Every year, perfectly healthy people die from a condition that, until that very moment, they likely never knew they had. It’s called hypertrophic cardiomyopathy and it’s a disease that thickens the muscle of the heart. It affects around one in every 500 people and is the most common cause of sudden cardiac death in athletes under the age of 35.
On stage at the annual Bupa Symposium in central London, Dr Michael Murray, Clinical Director at the Institute of Genomic Health in New York City, pointed out that of the five people in recent years who had dropped dead in this manner at the London marathon, three had the condition.
For them, there was little or no way of knowing. But that is about to change.

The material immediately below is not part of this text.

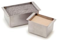 Here is the corrected text: These sand baths are ideal for use in heating blocks with irregular vessels. They feature stainless steel construction for superior corrosion resistance and are designed to hold sand, shot, or nonvolatile liquids. Right angle thermometers (61220-740 and 61220-742) have an accuracy rating of ±1°C. **Sand Bath for 1 Block Heater** * Cat. No.: 13259-262 * Dimensions: 9.5 x 7.6 x 6.4 cm (3 3/4 x 3 x 2 1/2 in) * Now with Best-in-Class, Exclusive 5-Year Warranty * GSA Contract: Yes **Sand Bath for 2 Block Heater** * Cat. No.: 13259-264 * Dimensions: 9.5 x 14.9 x 6.4 cm (3 3/4 x 5 7/8 x 2 1/2 in) * Block size: Double * Now with Best-in-Class, Exclusive 5-Year Warranty * GSA Contract: Yes **Sand Bath for 3 Block Heater** * Cat. No.: 13259-266 * Dimensions: 9.5 x 22.4 x 6.4 cm (3 3/4 x 8 13/16 x 2 1/2 in) * Now with Best-in-Class, Exclusive 5-Year Warranty * GSA Contract: Yes **Sand Bath for 4 Block Heater** * Cat. No.: 13259-268 * Dimensions: 14.7 x 19.1 x 6.4 cm (5 7/8 x 7 1/2 x 2 1/2 in) * Block size: 4 * Now with Best-in-Class, Exclusive 5-Year Warranty * GSA Contract: Yes **Sand Bath for 6 Block Heater** * Cat. No.: 13259-270 * Dimensions: 14.7 x 28.7 x 6.4 cm (5 7/8 x 11 5/16 x 2 1/2 in) * Block size: 6 * Now with Best-in-Class, Exclusive 5-Year Warranty * GSA Contract: Yes

“All of us are walking around with health risks that we don’t know about,” Murray said to a global audience of people from across the healthcare industry. “But what if we did?”
The next era of medicine, he said, will be shaped by a forthcoming boom in genetic testing. This will allow individuals to understand the conditions from which they are most at risk before they even occur, from heart conditions to cancer to diabetes. As Murray put it on stage: “Once invisible risks are now visible.”
And this is not the only shift that is underway. The Bupa Symposium—which brings together the experts, insights and ideas defining the future of healthcare—showed that the field as a whole is becoming more preventative, personalized, data-driven, and multi-faceted.
“The change is humongous,” says Iñaki Ereño, CEO of Bupa. “Before Covid, many people were still thinking: the health sector is different, we can’t digitize it, it will never change. But it’s changing now. And it’s changing quickly.”
Here are five key insights about what those changes will mean for how we stay healthy, drawn from the Bupa Symposium’s talks…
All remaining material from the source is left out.